DATA TO PROCESS:
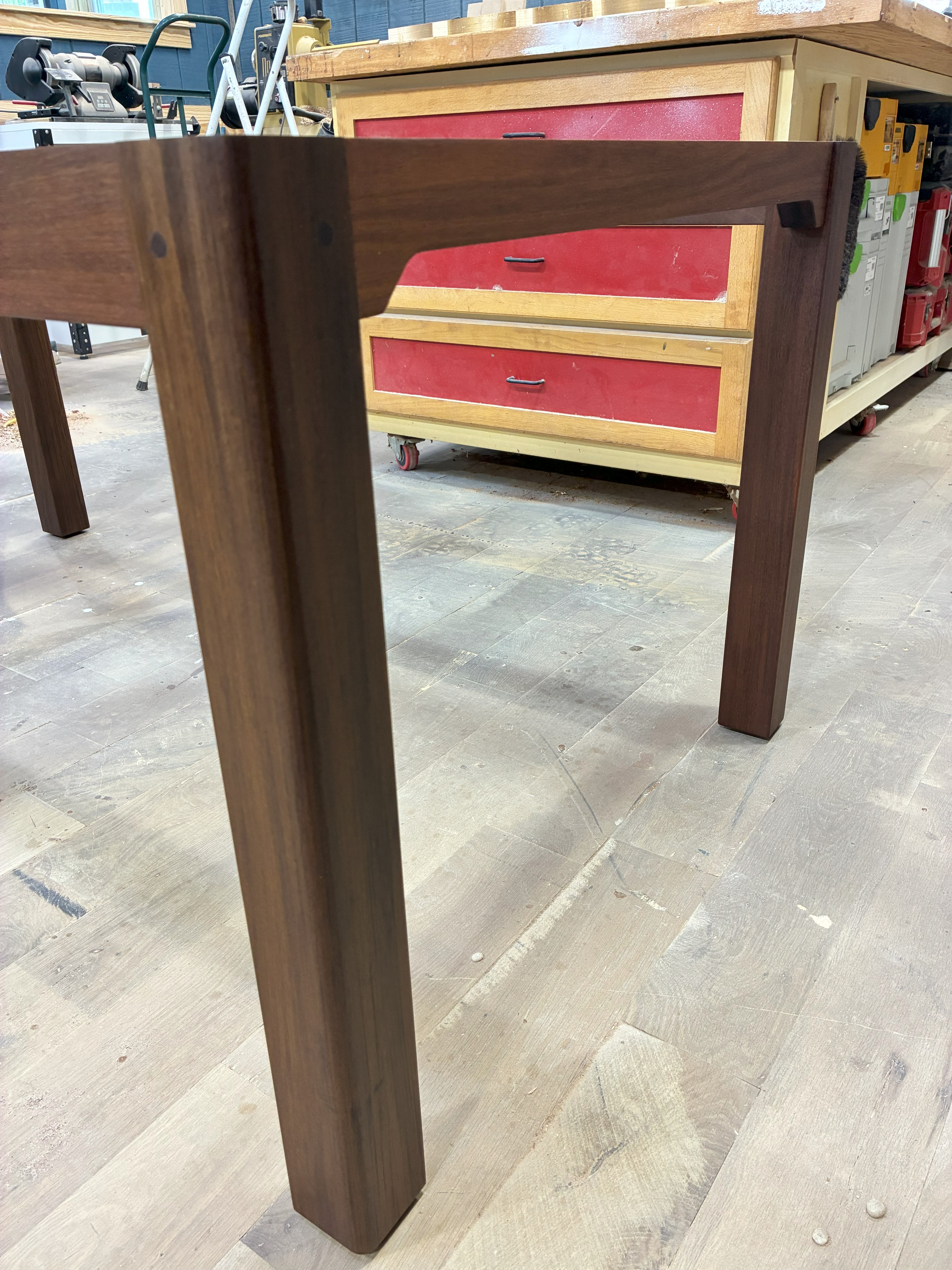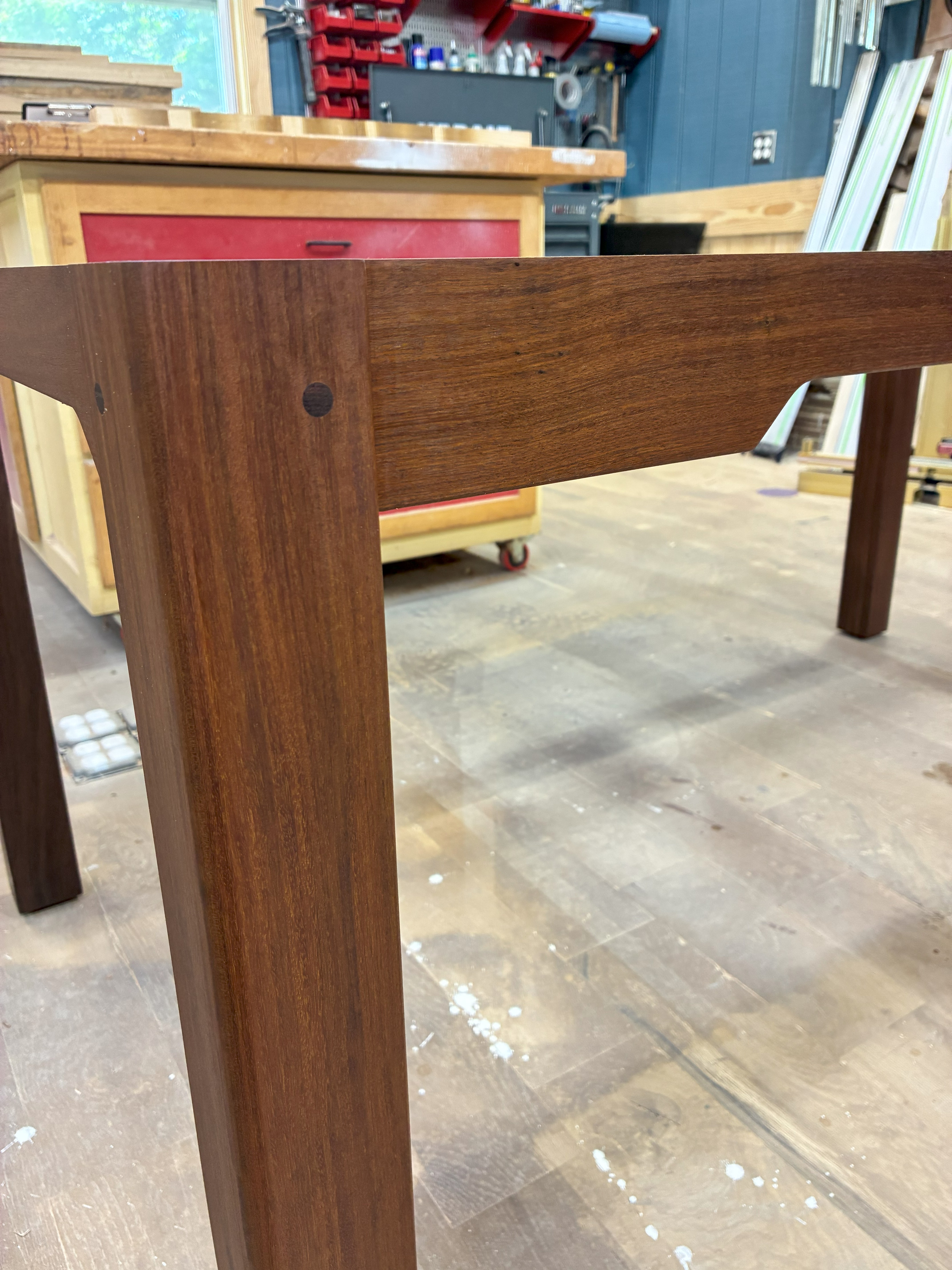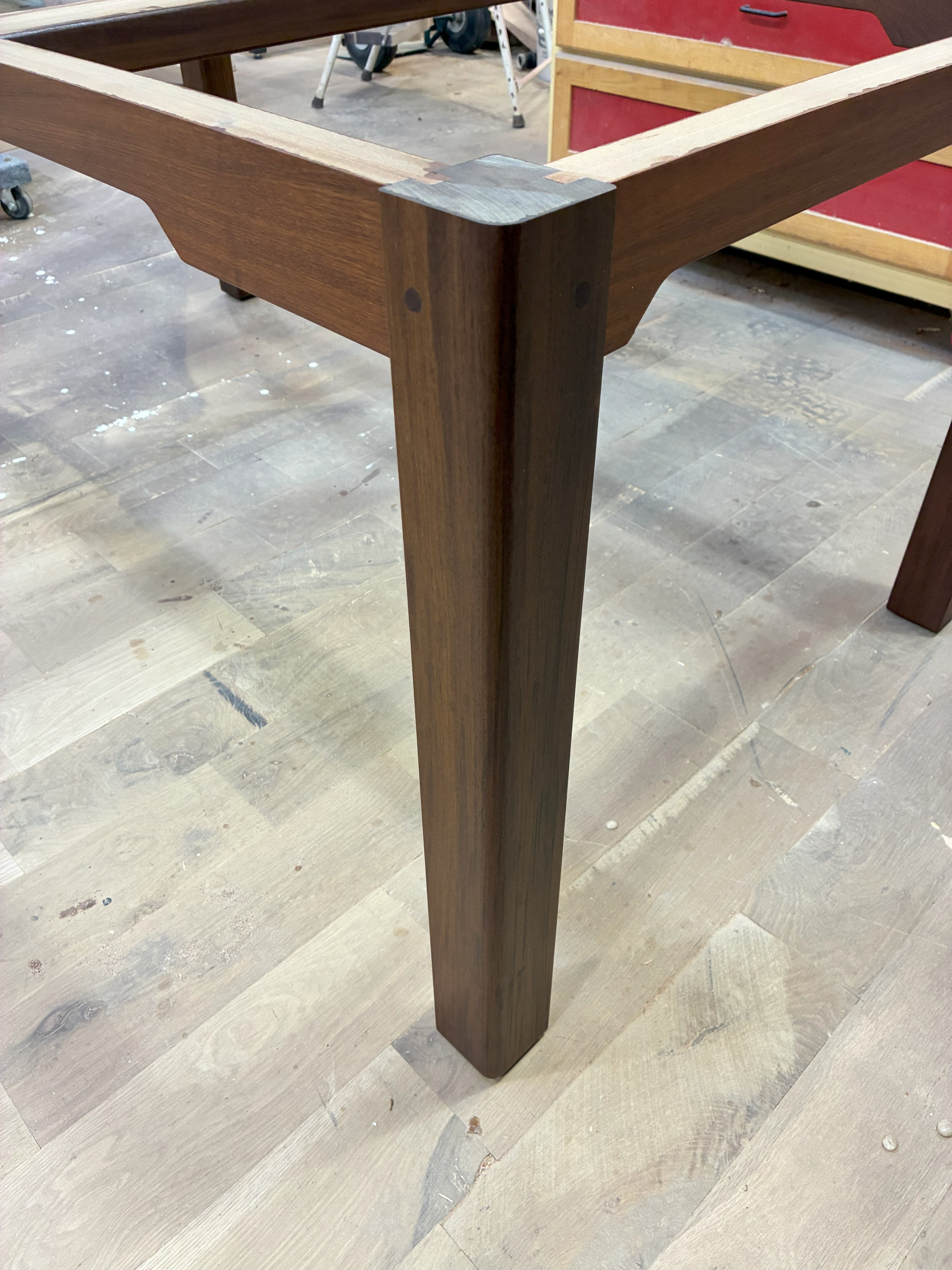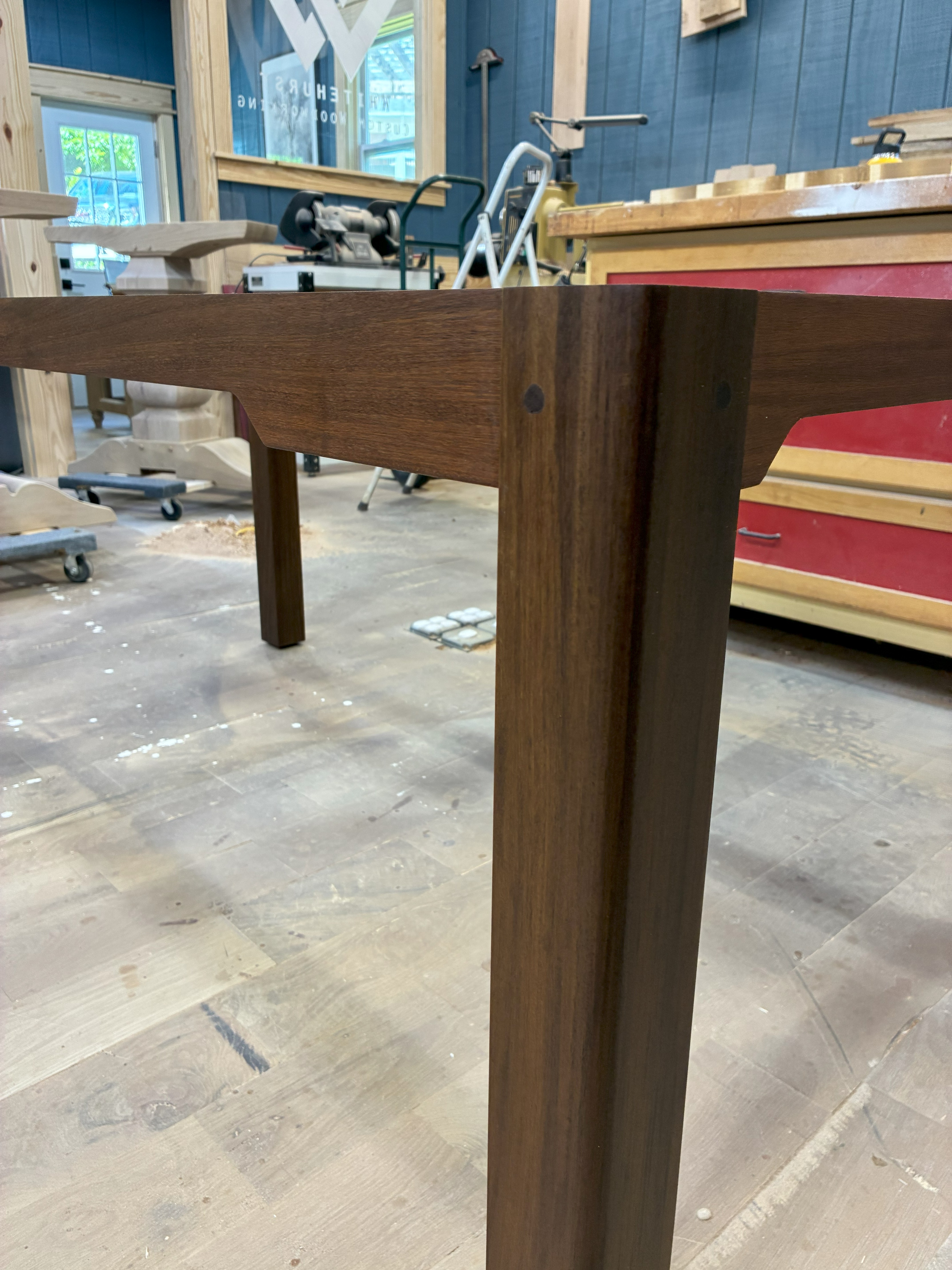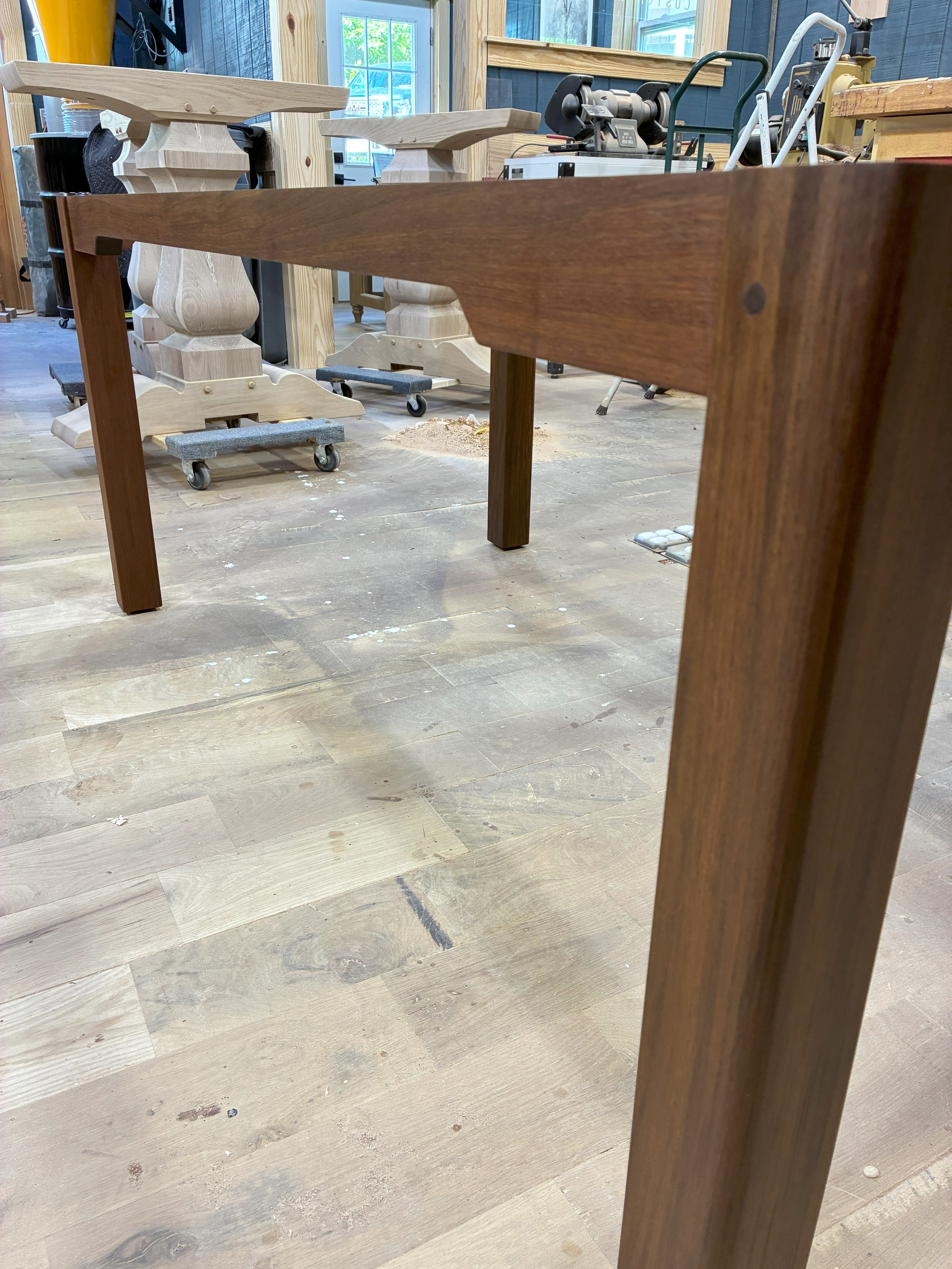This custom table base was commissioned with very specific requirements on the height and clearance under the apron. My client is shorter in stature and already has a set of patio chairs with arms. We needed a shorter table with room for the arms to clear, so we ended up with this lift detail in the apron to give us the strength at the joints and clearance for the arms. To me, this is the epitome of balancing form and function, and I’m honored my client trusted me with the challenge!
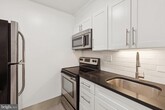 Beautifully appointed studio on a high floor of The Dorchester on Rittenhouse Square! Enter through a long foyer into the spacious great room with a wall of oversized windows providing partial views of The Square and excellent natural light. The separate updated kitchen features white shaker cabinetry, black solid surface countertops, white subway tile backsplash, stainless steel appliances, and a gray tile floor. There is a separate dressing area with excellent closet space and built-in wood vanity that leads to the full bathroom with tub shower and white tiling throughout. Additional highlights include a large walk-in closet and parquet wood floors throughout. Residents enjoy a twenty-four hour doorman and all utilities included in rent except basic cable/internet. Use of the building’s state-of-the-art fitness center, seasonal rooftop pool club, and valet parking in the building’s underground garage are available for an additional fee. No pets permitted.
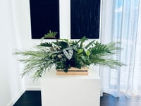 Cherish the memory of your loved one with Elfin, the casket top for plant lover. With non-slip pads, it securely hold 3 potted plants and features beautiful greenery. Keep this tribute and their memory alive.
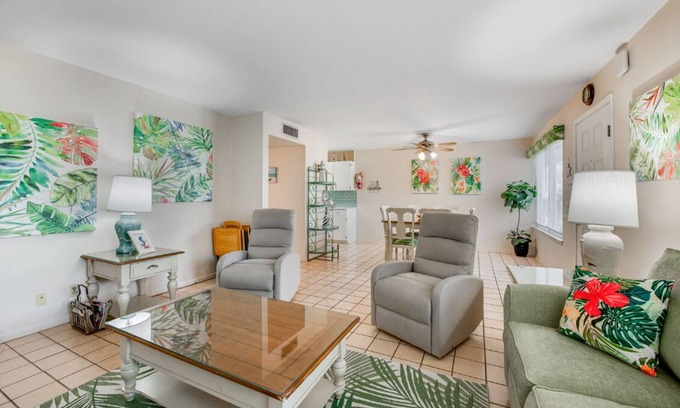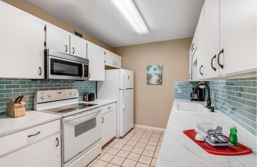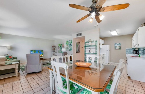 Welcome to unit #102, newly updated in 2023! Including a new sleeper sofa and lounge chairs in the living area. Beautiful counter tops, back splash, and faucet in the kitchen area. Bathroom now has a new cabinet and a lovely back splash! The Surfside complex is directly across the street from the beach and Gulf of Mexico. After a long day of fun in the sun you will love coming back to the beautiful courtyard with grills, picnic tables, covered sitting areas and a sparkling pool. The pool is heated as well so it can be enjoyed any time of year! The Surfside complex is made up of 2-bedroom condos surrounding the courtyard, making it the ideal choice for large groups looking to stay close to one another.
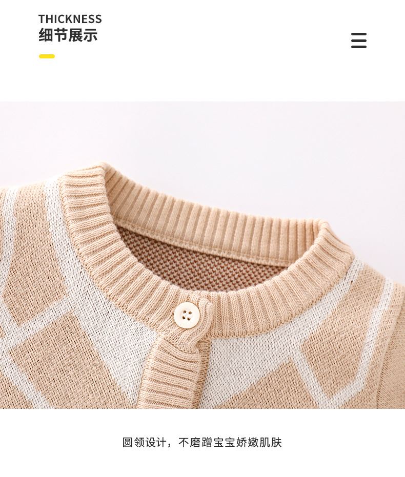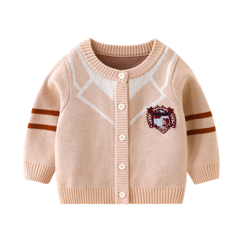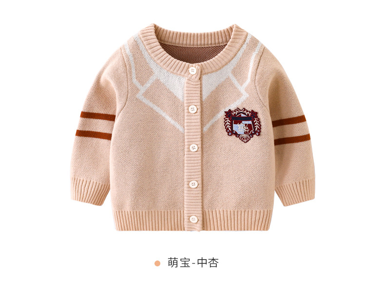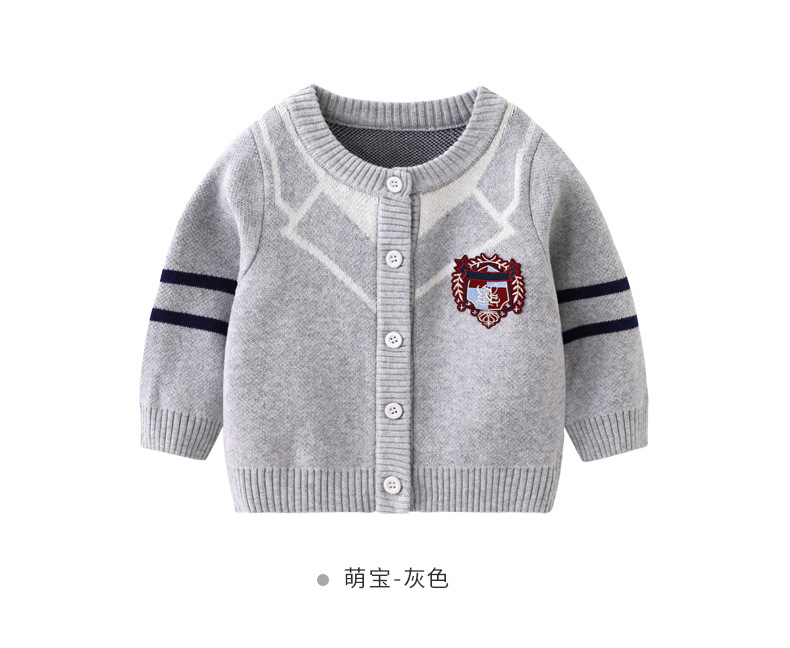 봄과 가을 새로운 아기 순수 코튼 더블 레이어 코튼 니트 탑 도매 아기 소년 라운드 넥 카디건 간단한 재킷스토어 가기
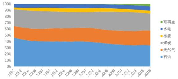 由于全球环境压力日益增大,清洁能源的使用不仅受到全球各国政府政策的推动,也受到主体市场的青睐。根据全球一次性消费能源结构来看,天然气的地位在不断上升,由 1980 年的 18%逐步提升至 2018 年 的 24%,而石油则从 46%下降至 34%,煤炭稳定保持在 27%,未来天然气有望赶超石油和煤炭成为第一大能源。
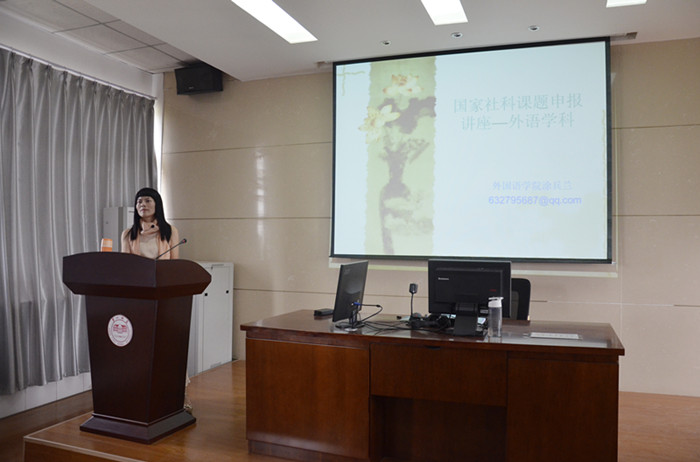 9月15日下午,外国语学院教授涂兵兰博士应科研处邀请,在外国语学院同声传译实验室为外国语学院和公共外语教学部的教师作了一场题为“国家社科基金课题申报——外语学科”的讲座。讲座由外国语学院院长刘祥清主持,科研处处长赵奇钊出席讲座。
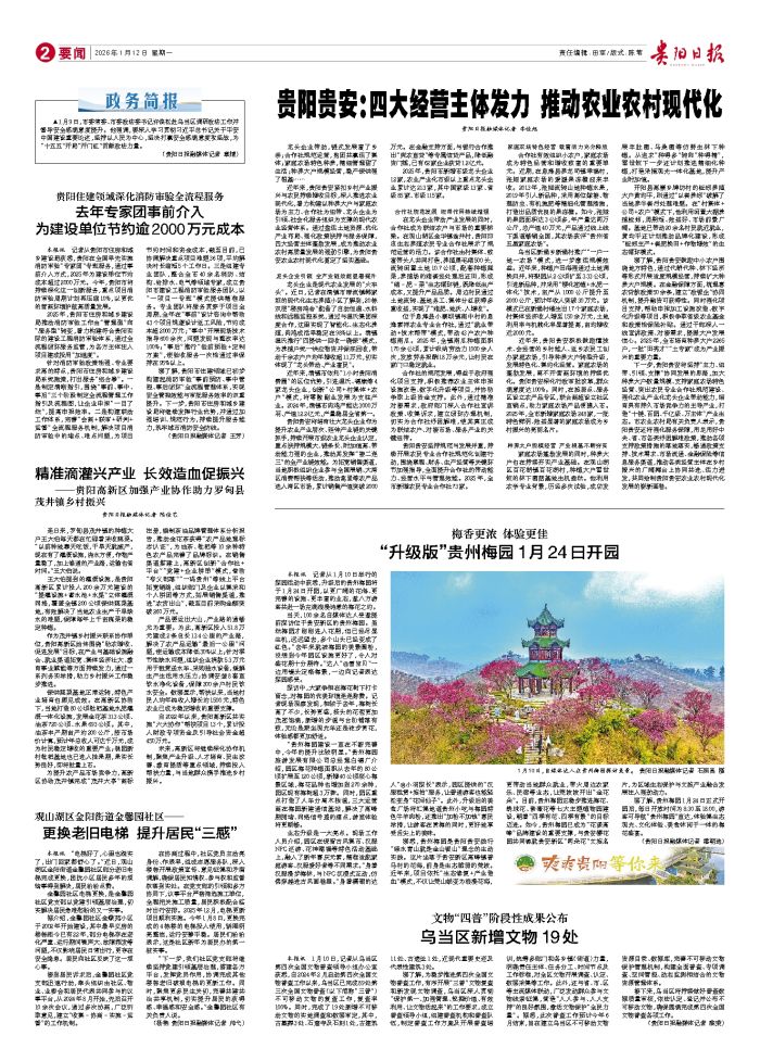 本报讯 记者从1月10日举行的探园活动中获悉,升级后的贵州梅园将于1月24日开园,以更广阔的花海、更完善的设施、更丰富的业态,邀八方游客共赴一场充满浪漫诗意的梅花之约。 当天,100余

EXERCISE PROMPT:
Quote exactly, and only, the lines from the line containing "46%下降至 34%,煤炭稳定保持在 27%,未来天然气有望赶超石油和煤炭成为第一大能源。" through the final line of the records above, both included, omitting any pictures.

COMPLETED TASK:
 由于全球环境压力日益增大,清洁能源的使用不仅受到全球各国政府政策的推动,也受到主体市场的青睐。根据全球一次性消费能源结构来看,天然气的地位在不断上升,由 1980 年的 18%逐步提升至 2018 年 的 24%,而石油则从 46%下降至 34%,煤炭稳定保持在 27%,未来天然气有望赶超石油和煤炭成为第一大能源。
 9月15日下午,外国语学院教授涂兵兰博士应科研处邀请,在外国语学院同声传译实验室为外国语学院和公共外语教学部的教师作了一场题为“国家社科基金课题申报——外语学科”的讲座。讲座由外国语学院院长刘祥清主持,科研处处长赵奇钊出席讲座。
 本报讯 记者从1月10日举行的探园活动中获悉,升级后的贵州梅园将于1月24日开园,以更广阔的花海、更完善的设施、更丰富的业态,邀八方游客共赴一场充满浪漫诗意的梅花之约。 当天,100余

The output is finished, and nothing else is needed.